-- REQUIRED ACTION --
Look below for the line containing "FOS_tavolo lampada, oro spazzolato."; from there, print each line exactly up to and including the line containing "FOS lamp challenges", and stop.

-- INPUT DATA --
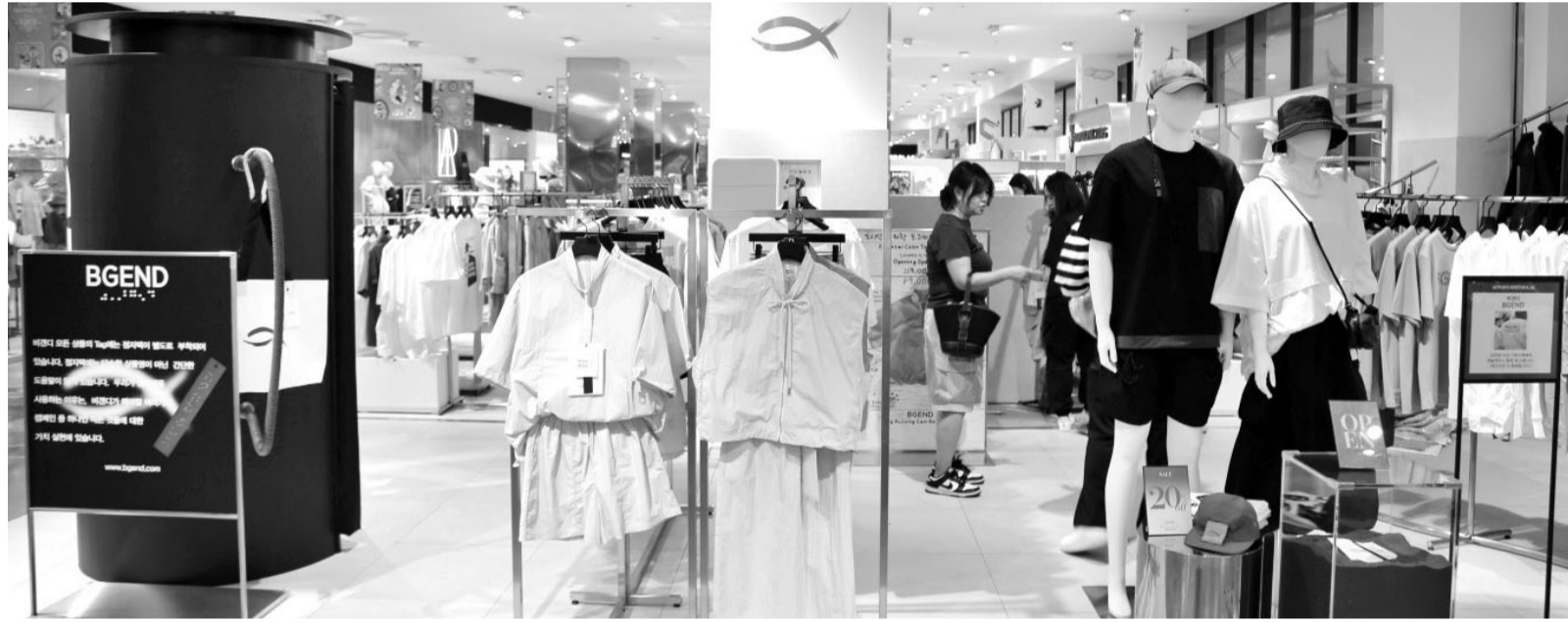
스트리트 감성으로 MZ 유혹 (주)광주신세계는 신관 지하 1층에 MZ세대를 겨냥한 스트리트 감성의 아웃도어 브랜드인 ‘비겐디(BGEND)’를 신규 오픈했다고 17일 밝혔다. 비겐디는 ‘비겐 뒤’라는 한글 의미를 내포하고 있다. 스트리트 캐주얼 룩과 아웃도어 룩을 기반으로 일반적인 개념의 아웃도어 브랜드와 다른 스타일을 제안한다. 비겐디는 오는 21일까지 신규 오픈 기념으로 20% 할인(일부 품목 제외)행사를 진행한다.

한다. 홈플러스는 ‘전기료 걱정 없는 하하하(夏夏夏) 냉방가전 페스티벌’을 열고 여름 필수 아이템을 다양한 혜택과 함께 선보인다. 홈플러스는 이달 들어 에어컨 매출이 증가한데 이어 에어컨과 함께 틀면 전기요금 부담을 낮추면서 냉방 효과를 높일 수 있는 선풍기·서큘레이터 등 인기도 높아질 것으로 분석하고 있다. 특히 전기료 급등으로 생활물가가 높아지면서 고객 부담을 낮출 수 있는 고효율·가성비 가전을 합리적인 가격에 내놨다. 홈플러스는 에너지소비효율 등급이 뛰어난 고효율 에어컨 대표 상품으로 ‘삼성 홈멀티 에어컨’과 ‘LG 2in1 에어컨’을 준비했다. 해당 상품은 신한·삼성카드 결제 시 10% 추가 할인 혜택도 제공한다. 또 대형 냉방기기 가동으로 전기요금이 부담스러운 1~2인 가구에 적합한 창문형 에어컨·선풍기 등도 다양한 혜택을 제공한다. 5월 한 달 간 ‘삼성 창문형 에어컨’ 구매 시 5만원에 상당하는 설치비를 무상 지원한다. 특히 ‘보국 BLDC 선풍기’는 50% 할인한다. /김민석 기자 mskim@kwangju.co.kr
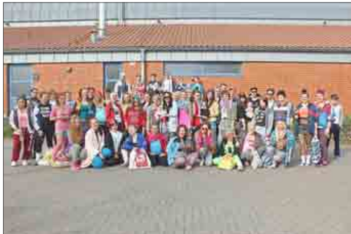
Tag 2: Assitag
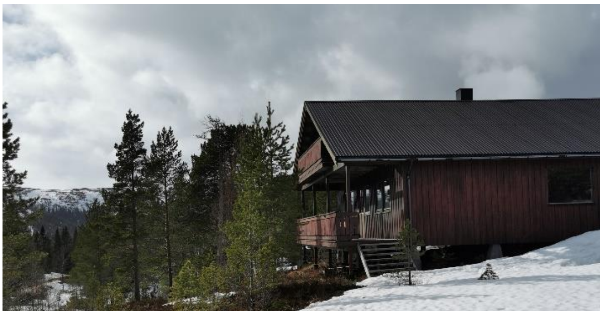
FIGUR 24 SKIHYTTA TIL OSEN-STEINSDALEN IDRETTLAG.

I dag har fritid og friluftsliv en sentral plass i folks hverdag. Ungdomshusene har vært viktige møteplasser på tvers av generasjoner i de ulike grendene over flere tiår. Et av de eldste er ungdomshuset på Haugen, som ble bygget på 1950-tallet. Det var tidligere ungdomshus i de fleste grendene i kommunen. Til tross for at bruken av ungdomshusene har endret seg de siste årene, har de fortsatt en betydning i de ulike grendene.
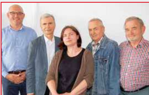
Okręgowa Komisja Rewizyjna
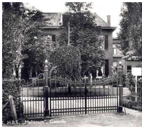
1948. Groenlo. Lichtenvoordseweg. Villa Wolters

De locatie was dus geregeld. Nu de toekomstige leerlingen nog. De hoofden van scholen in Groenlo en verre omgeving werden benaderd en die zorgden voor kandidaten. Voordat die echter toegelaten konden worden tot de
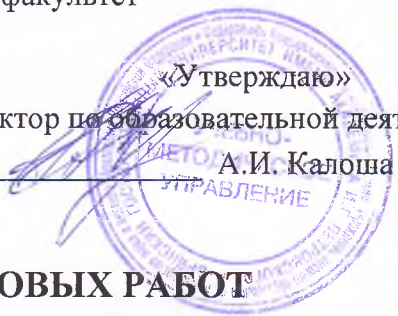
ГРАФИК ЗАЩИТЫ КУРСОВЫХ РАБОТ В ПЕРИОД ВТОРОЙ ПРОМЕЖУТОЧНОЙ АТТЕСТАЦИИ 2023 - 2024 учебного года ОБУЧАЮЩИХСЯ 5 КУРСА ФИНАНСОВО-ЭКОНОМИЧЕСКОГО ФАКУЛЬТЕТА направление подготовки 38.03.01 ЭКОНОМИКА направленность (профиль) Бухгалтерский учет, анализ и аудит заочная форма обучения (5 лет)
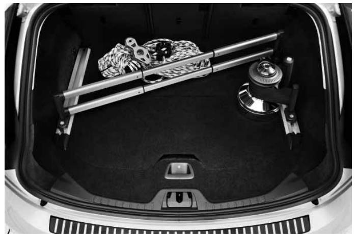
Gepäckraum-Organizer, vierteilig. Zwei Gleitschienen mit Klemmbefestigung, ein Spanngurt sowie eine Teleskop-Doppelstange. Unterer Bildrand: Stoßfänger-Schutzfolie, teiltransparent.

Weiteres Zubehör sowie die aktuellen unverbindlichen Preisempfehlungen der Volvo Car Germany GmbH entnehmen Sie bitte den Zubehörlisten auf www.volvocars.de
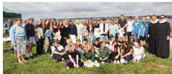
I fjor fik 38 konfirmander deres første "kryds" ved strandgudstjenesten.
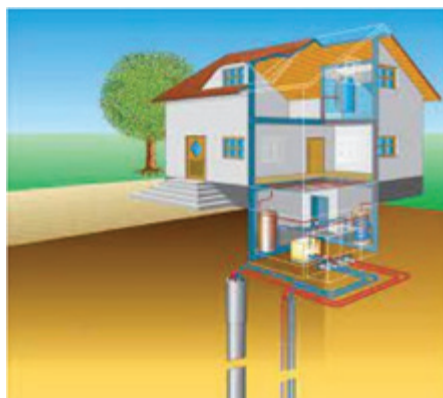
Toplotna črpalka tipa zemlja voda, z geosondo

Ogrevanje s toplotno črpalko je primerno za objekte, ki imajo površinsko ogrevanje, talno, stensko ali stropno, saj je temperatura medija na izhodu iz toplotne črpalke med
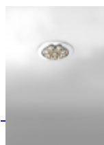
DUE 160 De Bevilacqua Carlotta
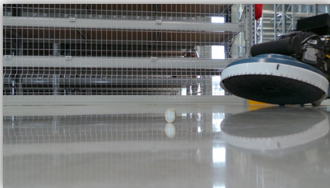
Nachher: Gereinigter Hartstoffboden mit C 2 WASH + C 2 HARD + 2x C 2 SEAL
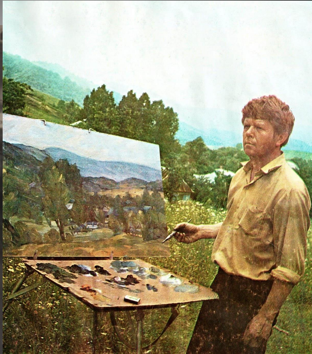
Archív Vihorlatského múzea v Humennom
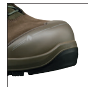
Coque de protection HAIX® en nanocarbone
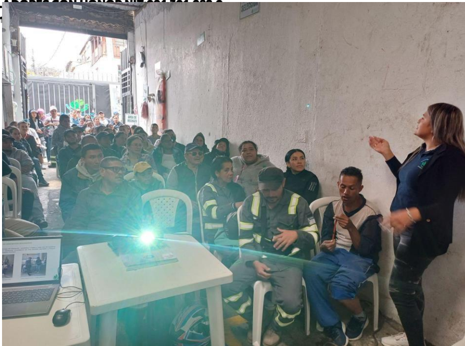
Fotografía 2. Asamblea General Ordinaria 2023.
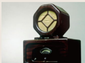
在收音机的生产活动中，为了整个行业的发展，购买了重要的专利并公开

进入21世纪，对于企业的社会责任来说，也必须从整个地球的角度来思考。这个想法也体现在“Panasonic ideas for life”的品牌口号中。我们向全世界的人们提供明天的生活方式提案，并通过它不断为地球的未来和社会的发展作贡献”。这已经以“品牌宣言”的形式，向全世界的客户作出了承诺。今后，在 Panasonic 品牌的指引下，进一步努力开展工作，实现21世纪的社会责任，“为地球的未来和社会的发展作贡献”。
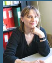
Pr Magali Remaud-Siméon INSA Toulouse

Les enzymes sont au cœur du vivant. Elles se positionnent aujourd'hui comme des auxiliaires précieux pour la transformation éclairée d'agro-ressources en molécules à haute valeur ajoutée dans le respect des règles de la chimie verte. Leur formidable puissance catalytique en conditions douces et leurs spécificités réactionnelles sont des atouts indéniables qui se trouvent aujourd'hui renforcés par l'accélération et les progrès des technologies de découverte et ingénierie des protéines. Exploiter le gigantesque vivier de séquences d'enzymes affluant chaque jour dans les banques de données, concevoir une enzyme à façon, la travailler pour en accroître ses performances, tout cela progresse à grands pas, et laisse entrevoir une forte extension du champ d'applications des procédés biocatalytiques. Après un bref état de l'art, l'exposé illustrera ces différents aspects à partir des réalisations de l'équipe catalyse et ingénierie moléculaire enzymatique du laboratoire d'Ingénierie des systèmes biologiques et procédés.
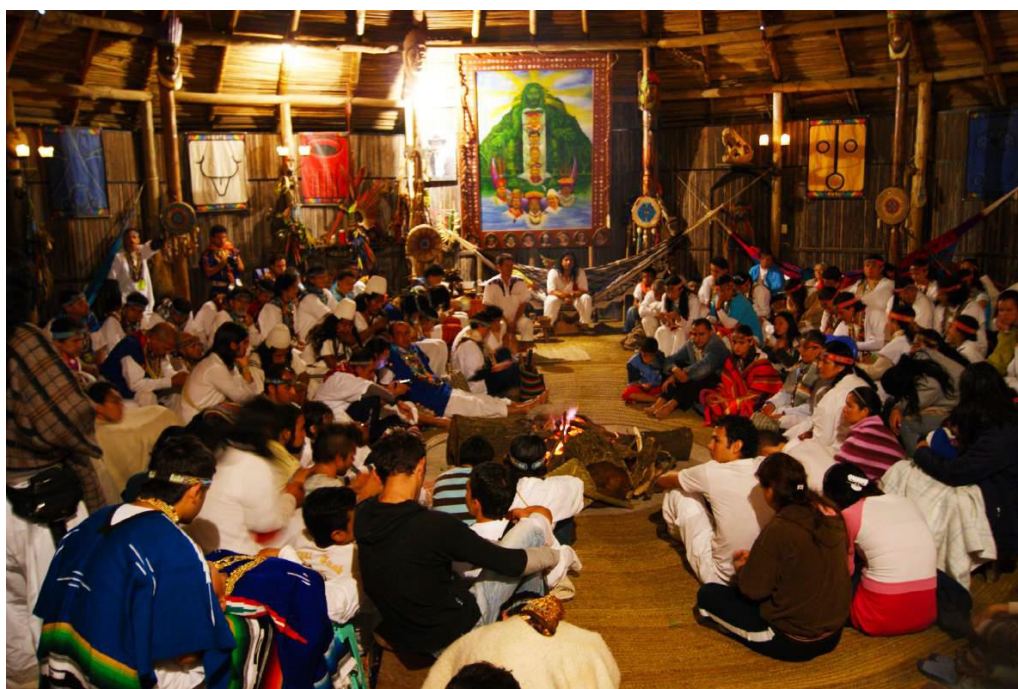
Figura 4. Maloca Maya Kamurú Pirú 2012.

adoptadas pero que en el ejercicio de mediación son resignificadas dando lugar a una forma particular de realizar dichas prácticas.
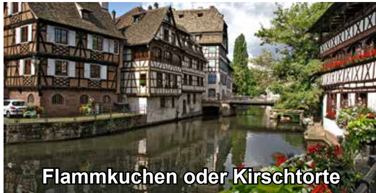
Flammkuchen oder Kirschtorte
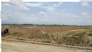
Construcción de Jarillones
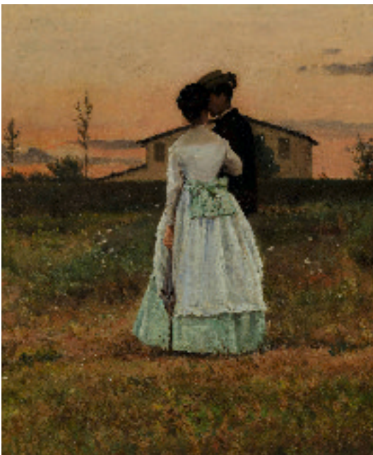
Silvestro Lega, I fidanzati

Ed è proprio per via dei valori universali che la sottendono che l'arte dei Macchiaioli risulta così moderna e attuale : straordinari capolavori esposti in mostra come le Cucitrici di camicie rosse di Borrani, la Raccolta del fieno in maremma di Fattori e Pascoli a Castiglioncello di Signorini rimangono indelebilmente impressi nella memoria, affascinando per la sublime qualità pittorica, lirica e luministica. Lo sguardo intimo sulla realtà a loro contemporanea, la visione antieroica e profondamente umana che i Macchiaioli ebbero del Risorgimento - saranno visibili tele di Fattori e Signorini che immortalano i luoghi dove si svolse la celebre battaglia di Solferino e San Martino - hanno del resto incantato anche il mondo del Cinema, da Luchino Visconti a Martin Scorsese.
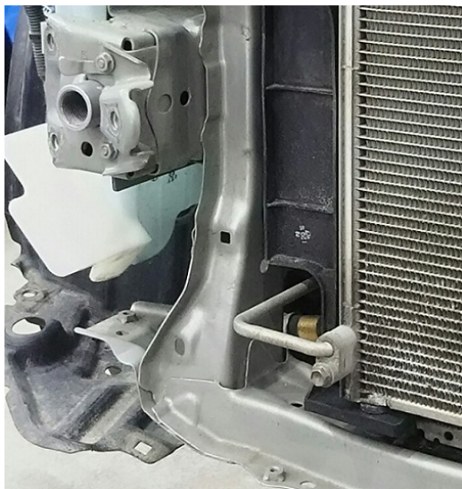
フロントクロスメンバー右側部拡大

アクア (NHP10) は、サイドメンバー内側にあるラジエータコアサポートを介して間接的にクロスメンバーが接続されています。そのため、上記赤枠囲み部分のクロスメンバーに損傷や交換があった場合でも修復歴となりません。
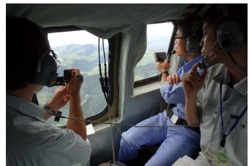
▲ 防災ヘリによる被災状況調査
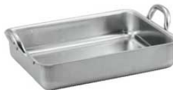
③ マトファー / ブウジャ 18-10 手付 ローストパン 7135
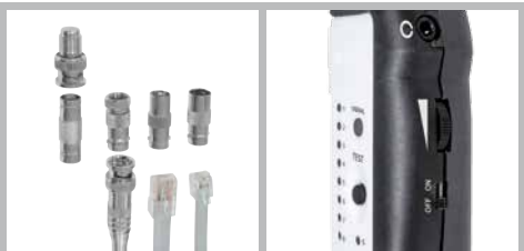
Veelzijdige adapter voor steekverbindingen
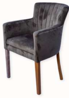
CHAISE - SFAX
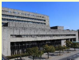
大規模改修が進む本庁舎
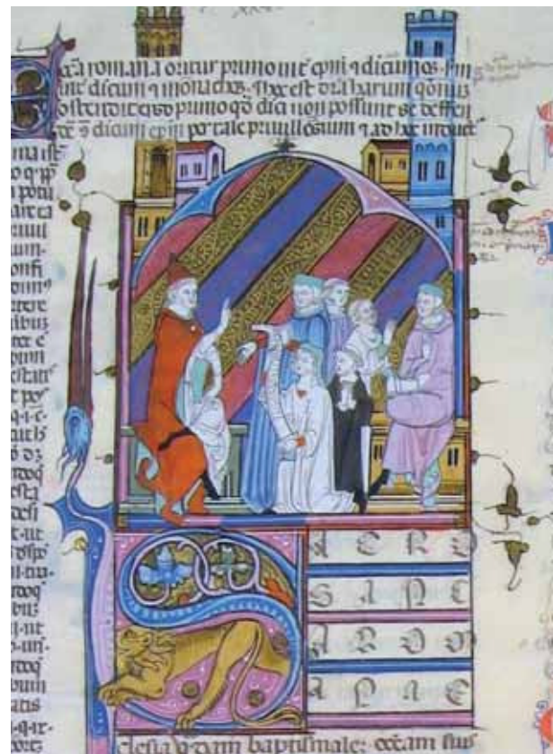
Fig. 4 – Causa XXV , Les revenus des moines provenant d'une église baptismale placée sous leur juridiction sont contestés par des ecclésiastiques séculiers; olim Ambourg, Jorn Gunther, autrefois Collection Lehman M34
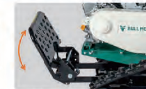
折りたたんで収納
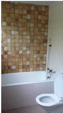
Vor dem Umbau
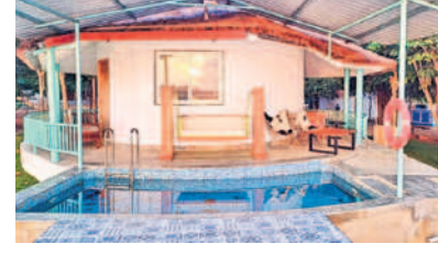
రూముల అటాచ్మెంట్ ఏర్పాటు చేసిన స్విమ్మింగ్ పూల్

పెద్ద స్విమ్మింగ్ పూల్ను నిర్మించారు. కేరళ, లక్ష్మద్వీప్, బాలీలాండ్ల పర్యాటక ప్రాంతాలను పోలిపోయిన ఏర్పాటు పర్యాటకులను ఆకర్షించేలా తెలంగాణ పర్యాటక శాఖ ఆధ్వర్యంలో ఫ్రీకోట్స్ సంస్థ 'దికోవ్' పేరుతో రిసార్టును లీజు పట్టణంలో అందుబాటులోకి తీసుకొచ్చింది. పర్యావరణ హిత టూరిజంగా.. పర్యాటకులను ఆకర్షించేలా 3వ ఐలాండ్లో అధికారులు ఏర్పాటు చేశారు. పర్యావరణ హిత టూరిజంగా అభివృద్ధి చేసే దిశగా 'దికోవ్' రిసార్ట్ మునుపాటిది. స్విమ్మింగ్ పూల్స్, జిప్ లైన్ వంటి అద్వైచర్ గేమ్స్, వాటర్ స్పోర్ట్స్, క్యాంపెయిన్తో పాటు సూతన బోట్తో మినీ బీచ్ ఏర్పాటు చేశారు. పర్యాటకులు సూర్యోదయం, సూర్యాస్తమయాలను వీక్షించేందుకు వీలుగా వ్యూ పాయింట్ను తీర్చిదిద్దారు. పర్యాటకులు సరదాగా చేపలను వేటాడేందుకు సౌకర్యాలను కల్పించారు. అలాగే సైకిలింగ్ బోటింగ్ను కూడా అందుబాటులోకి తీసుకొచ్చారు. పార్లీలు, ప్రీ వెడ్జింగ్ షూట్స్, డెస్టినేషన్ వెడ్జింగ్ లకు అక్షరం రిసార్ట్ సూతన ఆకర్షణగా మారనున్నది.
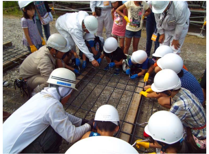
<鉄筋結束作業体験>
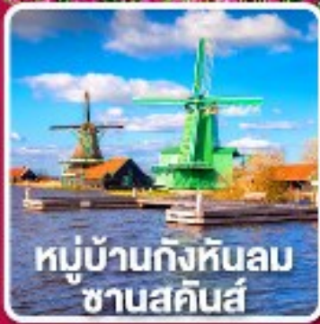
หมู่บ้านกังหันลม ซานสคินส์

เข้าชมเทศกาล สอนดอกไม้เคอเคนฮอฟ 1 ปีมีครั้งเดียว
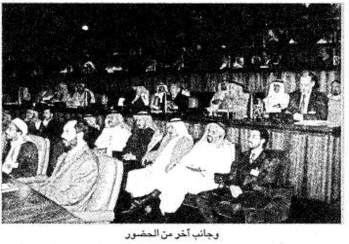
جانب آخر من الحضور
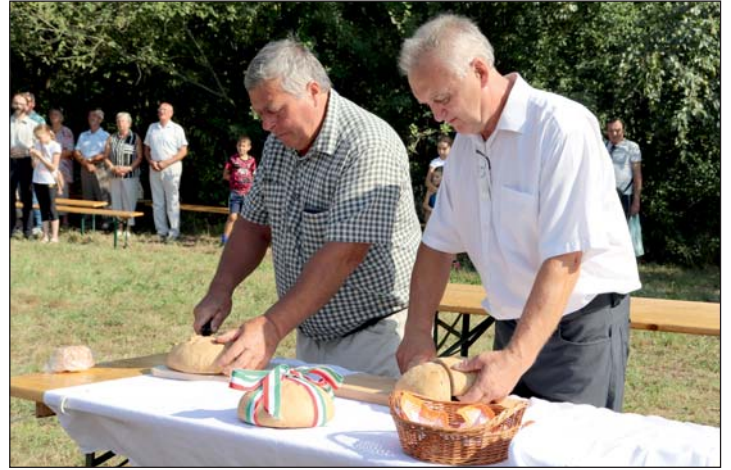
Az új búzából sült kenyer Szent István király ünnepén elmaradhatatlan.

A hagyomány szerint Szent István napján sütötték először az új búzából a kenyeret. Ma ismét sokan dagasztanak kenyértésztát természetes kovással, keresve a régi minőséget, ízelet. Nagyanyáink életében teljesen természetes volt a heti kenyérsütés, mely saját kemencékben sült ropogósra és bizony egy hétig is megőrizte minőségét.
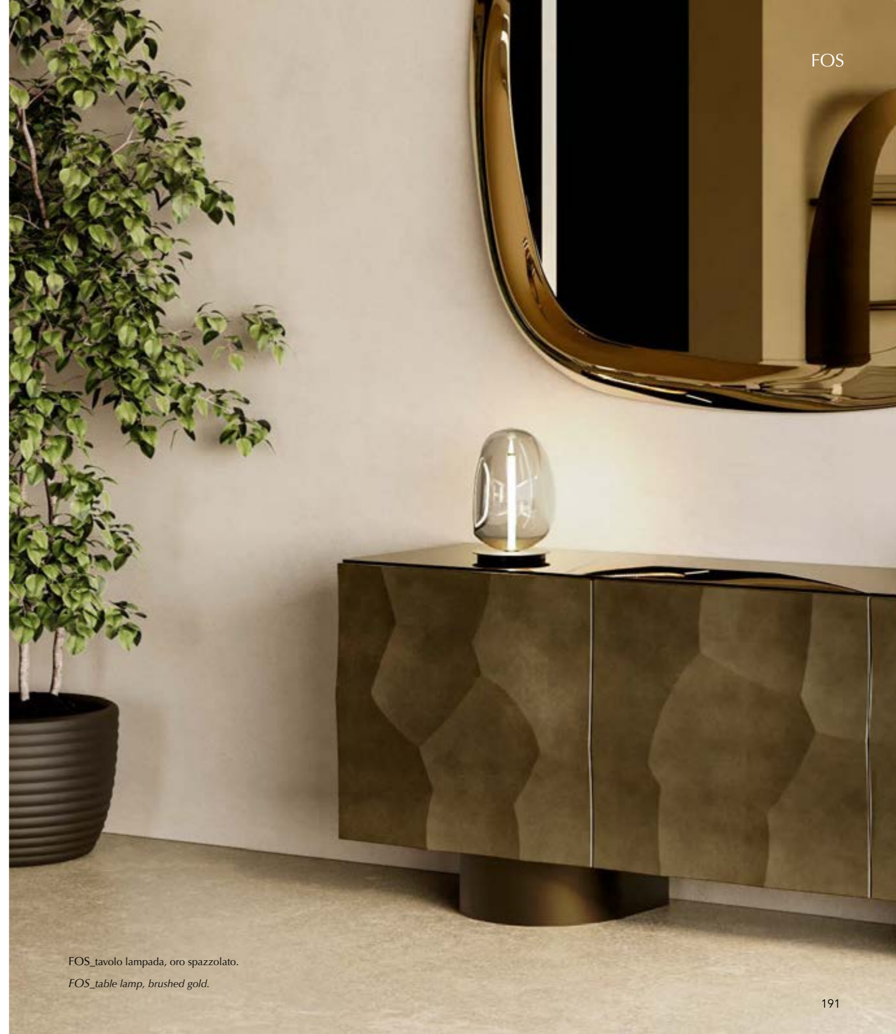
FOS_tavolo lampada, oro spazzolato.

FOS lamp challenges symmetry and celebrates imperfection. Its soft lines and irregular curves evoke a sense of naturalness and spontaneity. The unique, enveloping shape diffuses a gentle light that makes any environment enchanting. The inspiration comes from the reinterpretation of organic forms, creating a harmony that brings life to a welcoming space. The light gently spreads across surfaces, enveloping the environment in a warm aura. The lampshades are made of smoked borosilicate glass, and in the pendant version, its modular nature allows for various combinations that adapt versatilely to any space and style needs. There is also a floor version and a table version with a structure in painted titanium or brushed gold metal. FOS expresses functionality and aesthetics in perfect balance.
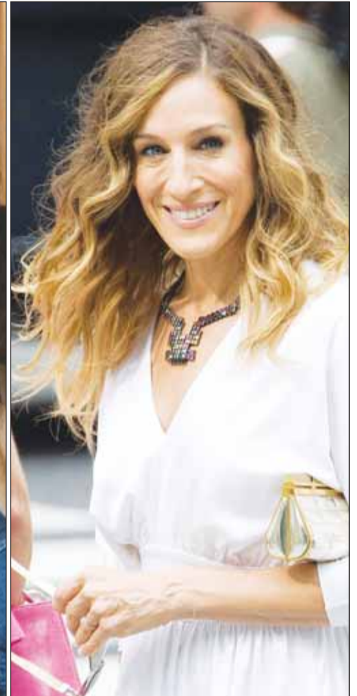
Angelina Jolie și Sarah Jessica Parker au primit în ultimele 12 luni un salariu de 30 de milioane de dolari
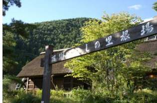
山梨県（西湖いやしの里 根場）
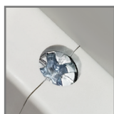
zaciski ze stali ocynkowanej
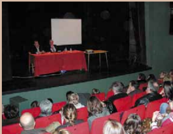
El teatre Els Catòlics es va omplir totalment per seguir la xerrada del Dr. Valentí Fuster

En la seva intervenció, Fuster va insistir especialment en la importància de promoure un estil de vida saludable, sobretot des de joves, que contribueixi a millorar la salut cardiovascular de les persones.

-- TASK ANSWER --
FOS_tavolo lampada, oro spazzolato.

FOS lamp challenges symmetry and celebrates imperfection. Its soft lines and irregular curves evoke a sense of naturalness and spontaneity. The unique, enveloping shape diffuses a gentle light that makes any environment enchanting. The inspiration comes from the reinterpretation of organic forms, creating a harmony that brings life to a welcoming space. The light gently spreads across surfaces, enveloping the environment in a warm aura. The lampshades are made of smoked borosilicate glass, and in the pendant version, its modular nature allows for various combinations that adapt versatilely to any space and style needs. There is also a floor version and a table version with a structure in painted titanium or brushed gold metal. FOS expresses functionality and aesthetics in perfect balance.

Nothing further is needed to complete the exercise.